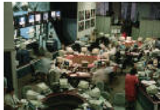
The news room????

The need for an editor for Propwash has arisen, so if you are interested in putting the Clubs information and activities together and keeping the other members informed then please let us know. This can be a temporary position till September or if really interested till whenever
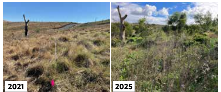
Rehabilitation areas Established in 2019 – Monitoring photos 2021 and 2025
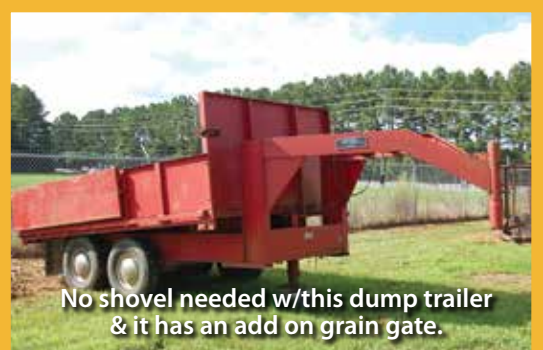
No shovel needed w/this dump trailer & it has an add on grain gate.
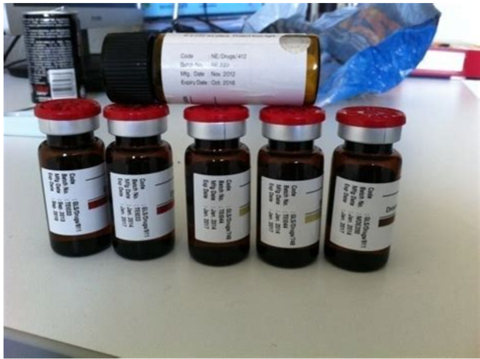
Humatrope cartridge for pen Somatropina, Somatropin : 36 I.U. 12mg Human Growth Hormone 36IU pen use with syringe or pen. Manufacturer: Eli Lilly Substance: Human Growth Hormone call us for

Buy Humatrope HGH Pen & Somatropin HGH Pen & Somatropin pen 5mg 16iu, 12mg 36iu - HGH Online Humatrope HGH Pen device. Humatropen 6mg, 12mg (36iu) and 24mg pre-filled HGH loaded pen. Humatrope HGH Pen 0.2mg, 0.4mg, 0.6mg, 0.8mg, 1.0mg, 1.2mg, 1.4mg, 1.6mg where the dose depends on your size, age and the endocrine condition for which you are. Buy Humatrope HGH Buy Humatrope 36iu Online - Humatrope - Humatrope Pen - Humatrope For Sale - Buy Humatrope Pen - Buy Humatrope Canada. Humatrope is a man-made form of human growth hormone. It was first approved in 1987 to treat children who are growing slowly because they do not make enough growth hormone on their own.
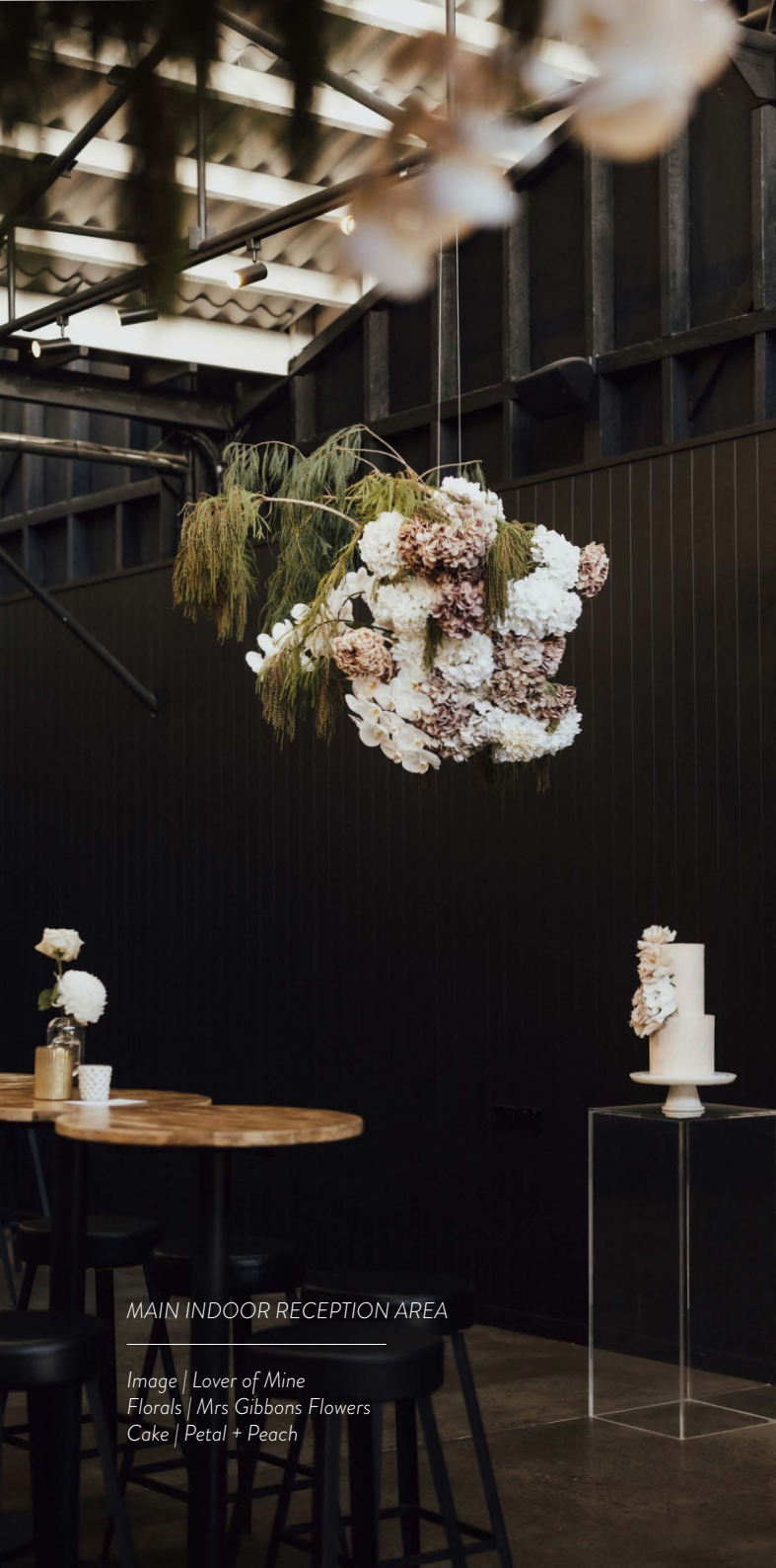
MAIN INDOOR RECEPTION AREA
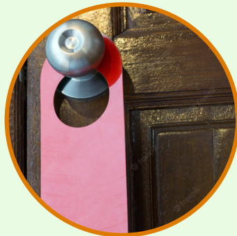
20% efficient in improving door lock conditions
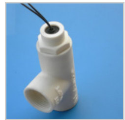
MODEL NO. : FS - 100 FOR GAS BOILER
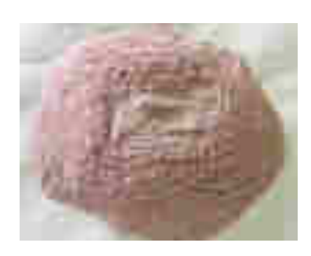
Developed Rajaala flour

The objective of this research is to replace wheat flour with Dioscorea alata ( raja ala ) in flour and bakery industry of Sri Lanka. In here determine the carbohydrate profile and gluten content of Dioscorea alata (raja ala) Then plan to develop value added bakery products and find out the nutritional value of flour and value added bakery products.
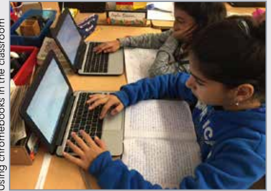
Using chromebooks in the classroom

G.A.T.E students receive differentiated educational programs throughout the year as breakout themed classes which are supported by the Cheremoya Foundation. Themes include MathMagic, Science Detectives, Mock Trial, Debating, and ChemKids.
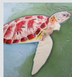
PAGE 5 ART
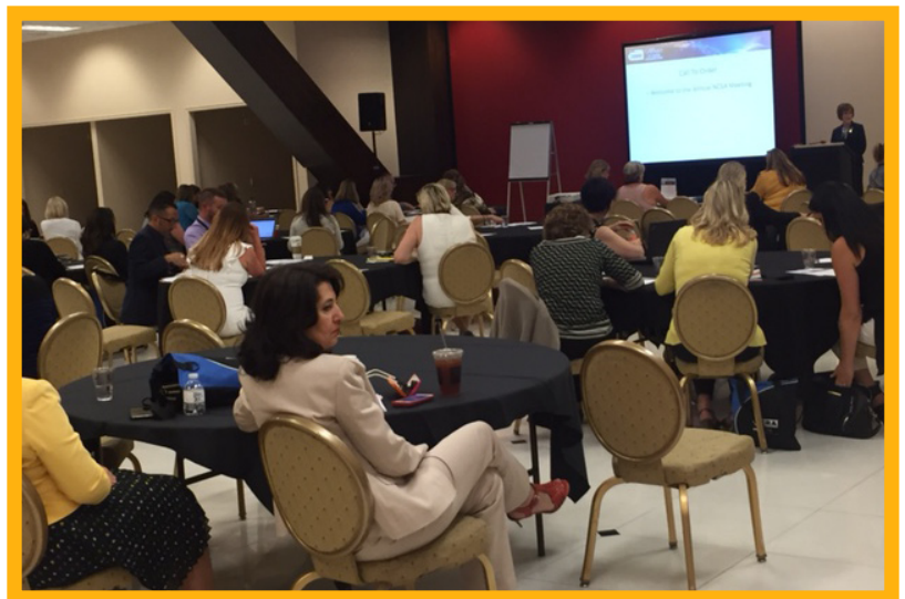
Members in attendance at the 2017 NCSA meeting in Las Vegas at the NCRA Convention

◆ **TASK TO CARRY OUT**
Quote the data exactly, leaving every image out of the copy.

◆ **EXPECTED OUTPUT**
The news room????

The need for an editor for Propwash has arisen, so if you are interested in putting the Clubs information and activities together and keeping the other members informed then please let us know. This can be a temporary position till September or if really interested till whenever
Rehabilitation areas Established in 2019 – Monitoring photos 2021 and 2025
No shovel needed w/this dump trailer & it has an add on grain gate.
Humatrope cartridge for pen Somatropina, Somatropin : 36 I.U. 12mg Human Growth Hormone 36IU pen use with syringe or pen. Manufacturer: Eli Lilly Substance: Human Growth Hormone call us for

Buy Humatrope HGH Pen & Somatropin HGH Pen & Somatropin pen 5mg 16iu, 12mg 36iu - HGH Online Humatrope HGH Pen device. Humatropen 6mg, 12mg (36iu) and 24mg pre-filled HGH loaded pen. Humatrope HGH Pen 0.2mg, 0.4mg, 0.6mg, 0.8mg, 1.0mg, 1.2mg, 1.4mg, 1.6mg where the dose depends on your size, age and the endocrine condition for which you are. Buy Humatrope HGH Buy Humatrope 36iu Online - Humatrope - Humatrope Pen - Humatrope For Sale - Buy Humatrope Pen - Buy Humatrope Canada. Humatrope is a man-made form of human growth hormone. It was first approved in 1987 to treat children who are growing slowly because they do not make enough growth hormone on their own.
MAIN INDOOR RECEPTION AREA
20% efficient in improving door lock conditions
MODEL NO. : FS - 100 FOR GAS BOILER
Developed Rajaala flour

The objective of this research is to replace wheat flour with Dioscorea alata ( raja ala ) in flour and bakery industry of Sri Lanka. In here determine the carbohydrate profile and gluten content of Dioscorea alata (raja ala) Then plan to develop value added bakery products and find out the nutritional value of flour and value added bakery products.
Using chromebooks in the classroom

G.A.T.E students receive differentiated educational programs throughout the year as breakout themed classes which are supported by the Cheremoya Foundation. Themes include MathMagic, Science Detectives, Mock Trial, Debating, and ChemKids.
PAGE 5 ART
Members in attendance at the 2017 NCSA meeting in Las Vegas at the NCRA Convention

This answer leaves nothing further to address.